As floodwaters recede and gaping sinkholes emerge, Daves—and the other residents of the nation’s fourth-largest city—now grapple with devastation, recovery and restoration.

Her piano upturned, her stepfather’s journal destroyed and her neighborhood in ruins, Daves can’t return to her either of her parents’ homes, as both will be uninhabitable for a year, she said. For now, she divides her time between a rental home and an apartment.

A unified response

Daves’ story is not unlike those of countless others with homes left damaged or destroyed by the Category 4 storm.

River Oaks Baptist School Reading Specialist Rhonda Hill’s garage filled with seven inches of water, and her neighborhood became strewn with debris. But for Hill, Harvey represents much more than a natural disaster; it has elicited a collective response in a “divided nation,” she said.

“The amazing part of it is how it has unified our city and our neighborhood,” Hill said. “We didn’t really see the negative as much—yes, there is the aftermath and the clean-up—but we got to know our neighbors so much better. The relationship building outweighed the devastation.”

Halfway across the country, that unifying spirit moved farmer Michael Portas to come to Houston’s aid. While farmers of agriculturally-rich Texas grapple with lost crops and livestock, Portas—the owner of One Acre Farm in Boyds, Md.—decided to fulfill an unmet need: bringing livestock displaced by the storm to his vegetable farm.

With the help of volunteers from Washington Hebrew Congregation, Portas loaded a livestock truck with diapers, cleaning supplies, and 10,000 prepared meals. On his return trip, he brought cattle to his farm.

When he arrived in Houston, thousands of other volunteers greeted him, all sharing his goal, he said.

“You’re proud of yourself, but you get there and you’re one of a million people that are coming.“It was neat because it wasn’t special, he said. “So many people have come together to do these things, which makes it even more special, even though you’re not special by doing it.”

Before the storm hit, Houston’s Rice University canceled classes and rationed food. Rice borders Texas Medical Center, a medical district designed to withstand floods, but when Harvey made landfall, Rice freshman Ella Segal (‘17) and her roommates huddled in their bathroom, riding out small tornados as water collected on their bathroom floor.

Hurricanes Irma and Maria make landfall

Following Harvey, Hurricane Irma devastated the Leeward Islands, the Florida Keys, and mainland Florida Aug. 30 to Sept. 15, leaving several Caribbean islands in ruins and 6.5 million Floridians without power.

“I’ve lived in my community for twenty years, and we had trees that were completely knocked over,” Delray Beach resident Jill Kittredge said. “These trees were over a hundred years old, so it’s a little bit heartbreaking. There’s so much tree damage, the community looks bald.”

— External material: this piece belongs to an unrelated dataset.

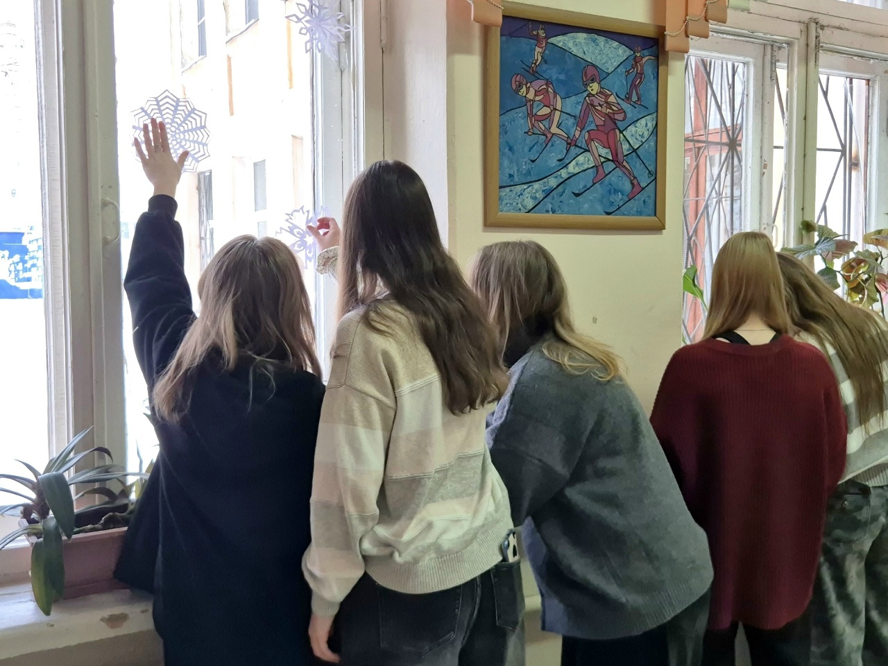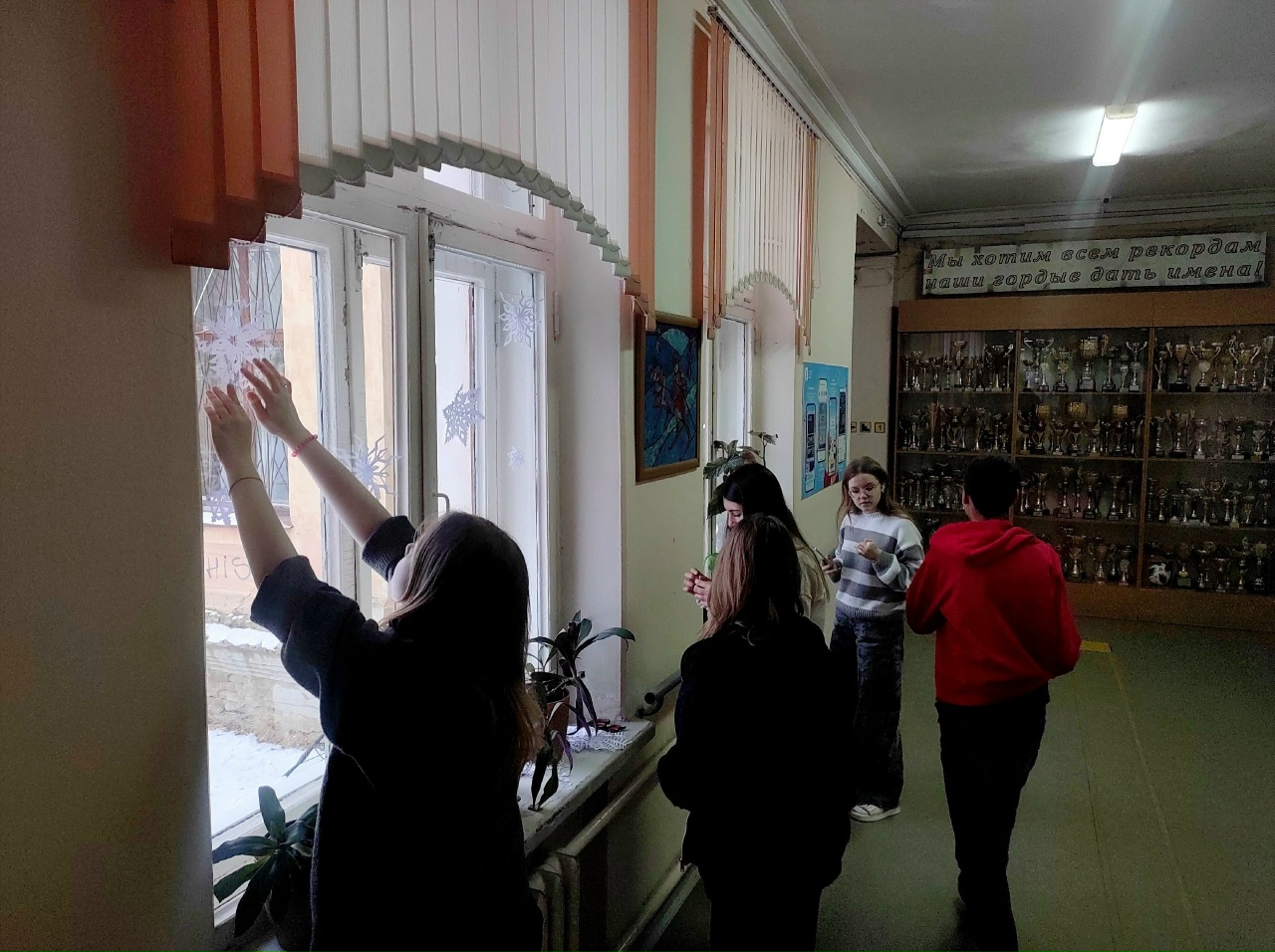 Сегодня наши ребята активно включились в акцию «Новогодние окна» от Движения Первых.

In Dominica, Puerto Rico and Turks and Caicos, Hurricane Maria made landfall Sept. 19. In Puerto Rico, the Category 4 storm sustained winds of 125 miles per hour. Residents will be without power for months, newspapers reported.

“I’ve covered all three Hurricanes: Harvey, Irma and Maria, and the situation in Puerto Rico is much worse than the situations ever were in Florida and in Texas,” Washington Post reporter Joel Achenbach said. “They lost all electrical power, plus they lost the radar in the airport and the control tower. It’s really hard to get aid in and out of there. There’s a population of three and a half million people, there’s no electrical grid, small towns and villages are hard to reach because of the fallen trees. You have a disastrous situation from start to finish.”

Houstonians, Floridians and Puerto Ricans now face a new normal. With up to a million waterlogged cars, many residents of automobile-dependent Houston remain trapped in their homes. For those whose cars could be salvaged, traffic congestion will plague the city for weeks, Harvey victim Kilby Hoskins said.

“Getting to the grocery store and seeing that there are no eggs—that’s what happened to us yesterday,” Houston resident Shelby Hammer said. “You’re like, ‘okay, there are no eggs, that’s alright. I’ll come up with something else.’ There are all kinds of little things that you took for granted before that you can’t necessarily take for granted now. That’s the new normal.”

In Houston, excessive paving, deforestation and inadequate building codes exacerbated the damage by limiting floodwater ground absorption, said Andrew Wallace, general counsel at a Dallas infrastructure company. But Wallace is optimistic that the damage will be a catalyst for infrastructural improvements.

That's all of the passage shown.